▶ Exercise
After locating "A pair of brown", return its line and all lines that follow through the end of the listing below, exactly; leave out pictures.

▶ Supplied material
++++++++++
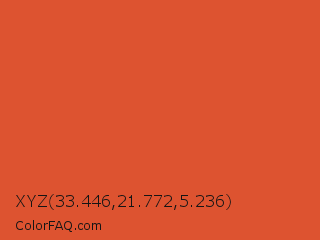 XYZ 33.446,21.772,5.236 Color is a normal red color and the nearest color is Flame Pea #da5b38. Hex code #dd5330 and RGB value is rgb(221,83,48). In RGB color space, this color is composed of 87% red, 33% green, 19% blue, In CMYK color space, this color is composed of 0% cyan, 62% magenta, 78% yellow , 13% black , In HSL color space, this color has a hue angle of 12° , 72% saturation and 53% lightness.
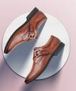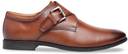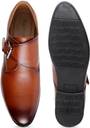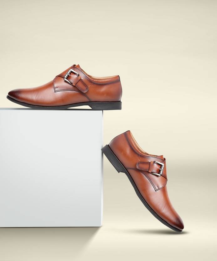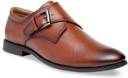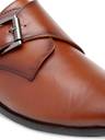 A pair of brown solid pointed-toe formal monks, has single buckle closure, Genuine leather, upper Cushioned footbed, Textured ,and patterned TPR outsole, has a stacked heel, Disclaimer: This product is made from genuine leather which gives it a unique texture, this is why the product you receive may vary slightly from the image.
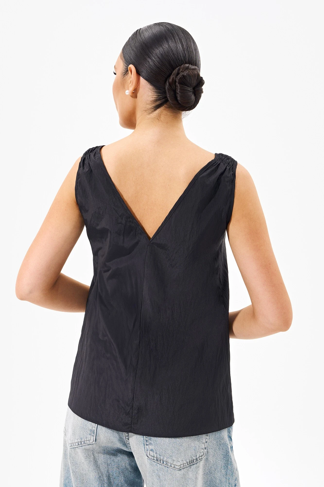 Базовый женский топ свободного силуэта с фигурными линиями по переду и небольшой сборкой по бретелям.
++++++++++
▶ Response to this task
 A pair of brown solid pointed-toe formal monks, has single buckle closure, Genuine leather, upper Cushioned footbed, Textured ,and patterned TPR outsole, has a stacked heel, Disclaimer: This product is made from genuine leather which gives it a unique texture, this is why the product you receive may vary slightly from the image.
 Базовый женский топ свободного силуэта с фигурными линиями по переду и небольшой сборкой по бретелям.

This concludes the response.